# [RECORDED INFORMATION]
=======

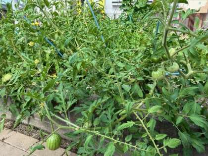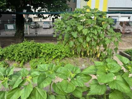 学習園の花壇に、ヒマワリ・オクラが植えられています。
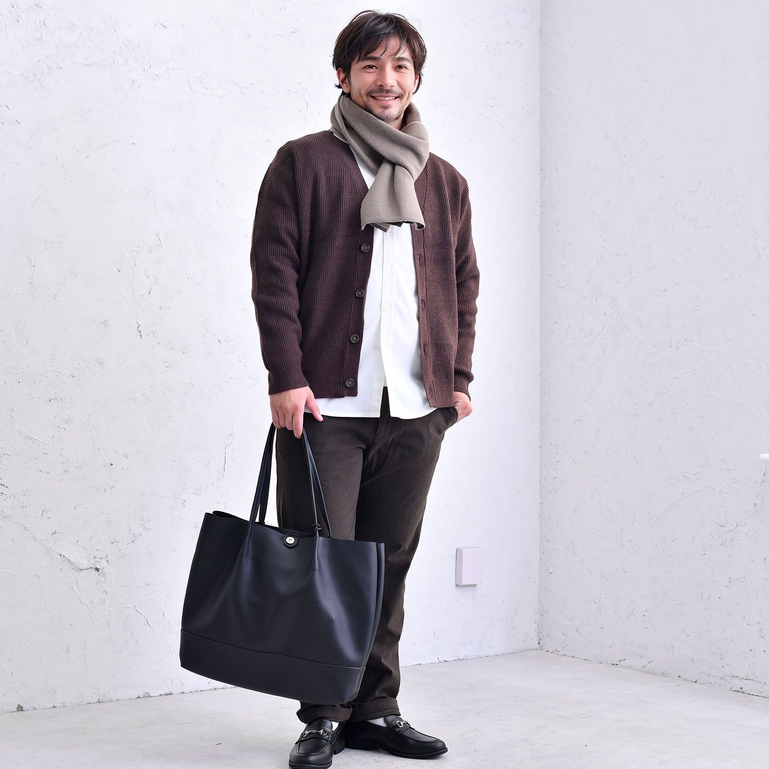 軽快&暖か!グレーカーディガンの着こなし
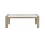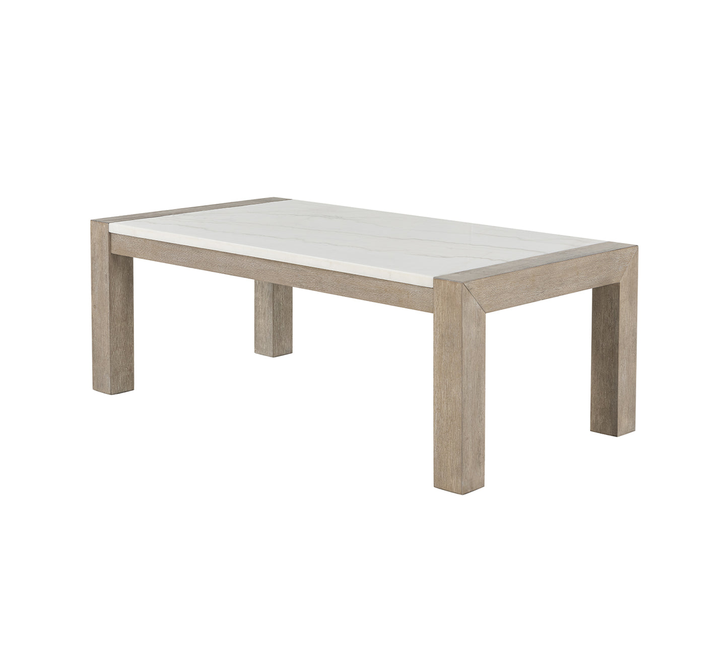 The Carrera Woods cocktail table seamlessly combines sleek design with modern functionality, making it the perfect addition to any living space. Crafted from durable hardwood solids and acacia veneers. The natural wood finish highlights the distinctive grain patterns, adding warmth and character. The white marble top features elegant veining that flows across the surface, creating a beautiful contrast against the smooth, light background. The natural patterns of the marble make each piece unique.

=======

# [WHAT THE TASK ASKS]
What is needed is an exact copy of the lines from the line with "軽快&暖か!グレーカーディガンの着こなし" to the end of the data above, both included, without any pictures.

# [RESPONSE]
 軽快&暖か!グレーカーディガンの着こなし
 The Carrera Woods cocktail table seamlessly combines sleek design with modern functionality, making it the perfect addition to any living space. Crafted from durable hardwood solids and acacia veneers. The natural wood finish highlights the distinctive grain patterns, adding warmth and character. The white marble top features elegant veining that flows across the surface, creating a beautiful contrast against the smooth, light background. The natural patterns of the marble make each piece unique.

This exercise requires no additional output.